Autovacuum on tables with high-volume updates
I have a database with two tables where every 5 minutes the entire content of those tables is updated (mainly just a single column). The biggest of the two tables has about 170K rows. The autovacuum seems to run quite frequently on those tables, yet their disk size becomes very big (2 GB, lots of dead rows) and after a few weeks the whole database performance is noticeably degraded (higher loads, higher read/write latency, higher IOPS). A
VACUUM FULLsolves the issue, restoring the tables to an acceptable size and performances are back to the expected levels.
Now, I understand that this type of use is not ideal for autovacuum. And it doesn't look like there are long running queries blocking the autovacuum.

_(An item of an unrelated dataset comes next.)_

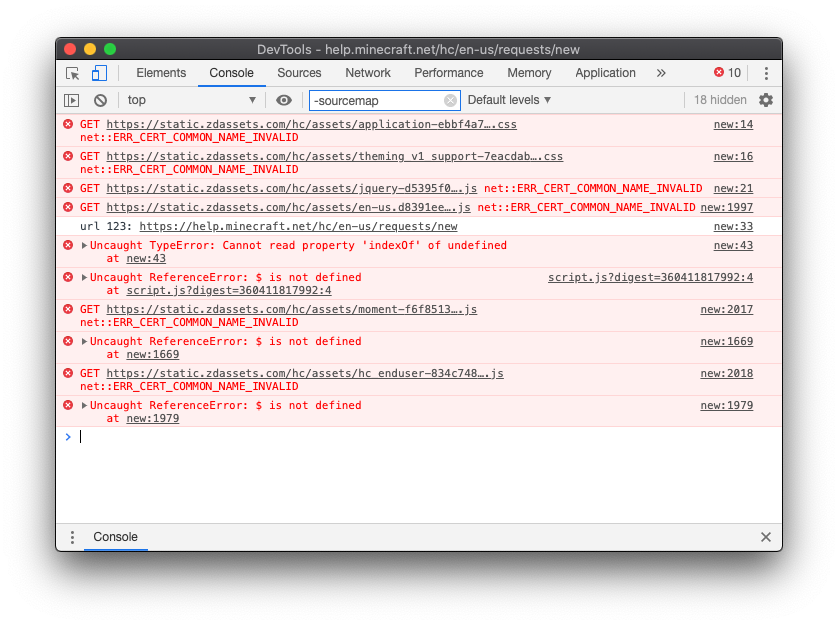Hey @MojangSupport I'd like to create a ticket, but unfortunately I'm unable due to JavaScript/SSL errors.pic.twitter.com/dccyTEQleI

Yet I have a few questions:
- Why the disk increase? I would expect that autovacuum is able to mark dead rows as "deleted" and reuse the disk space instead of a continuous growth.
- What parameters could I tweak to avoid such performance loss?

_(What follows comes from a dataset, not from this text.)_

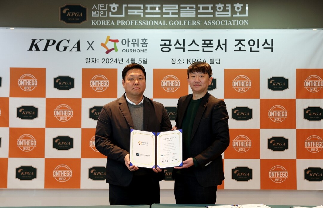 지난 5일 경기도 성남시 KPGA 본사에서 열린 ‘2024 아워홈-KPGA 공식 스폰서 조인식’에서는 이우진 KPGA 전무이사와 이재화 아워홈 HMR 사업부장 등 주요 관계자가 참석해 향후 상호 협력에 대해 논의했다.

- How to better debug what is blocking autovacuum to properly cleanup things?
I also noticed the tables' statistics are quite off: the estimated number of rows is an order of magnitude inferior than the live rows count.
Here the output of
VACUUM VERBOSE ANALYZEon one of the two tables:
vacuuming "public.table1" index "leads_pkey" now contains 310038 row versions in 22625 pages index "leads_uuid_key" now contains 310038 row versions in 40682 pages "table1": found 0 removable, 280589 nonremovable row versions in 14781 out of 34929 pages vacuuming "pg_toast.pg_toast_2042410" index "pg_toast_2042410_index" now contains 0 row versions in 1 pages "pg_toast_2042410": found 0 removable, 0 nonremovable row versions in 0 out of 0 pages analyzing "public.table1" "table1": scanned 30000 of 34929 pages, containing 148231 live rows and 121206 dead rows; 30000 rows in sample, 172585 estimated total rows
VACUUM FULL VERBOSE ANALYZEhas the output:
vacuuming "public.table1" "table1": found 0 removable, 487921 nonremovable row versions in 34929 pages analyzing "public.table1" "table1": scanned 13614 of 13614 pages, containing 171987 live rows and 315934 dead rows; 30000 rows in sample, 171987 estimated total rows
If you update all rows of one table in a single statement, the table will be bloated to twice its minimal size (it will contain a live tuple and a dead tuple for each row), and that bloat cannot be removed by autovacuum. If autovacuum doesn't finish fast enough, the next update will only increase the problem.
Ideas for a solution:
Run the update in batches, where each batch updates only a fraction of the rows. Between the updates, run an explicit
VACUUM. That will keep the bloat at bay.
Accept the bloat of 50%+, but configure autovacuum to run as fast as possible by setting
autovacuum_vacuum_cost_delay = 0and
maintenance_work_mem = '1GB'. That way, you have a chance that the table won't be bloated even more.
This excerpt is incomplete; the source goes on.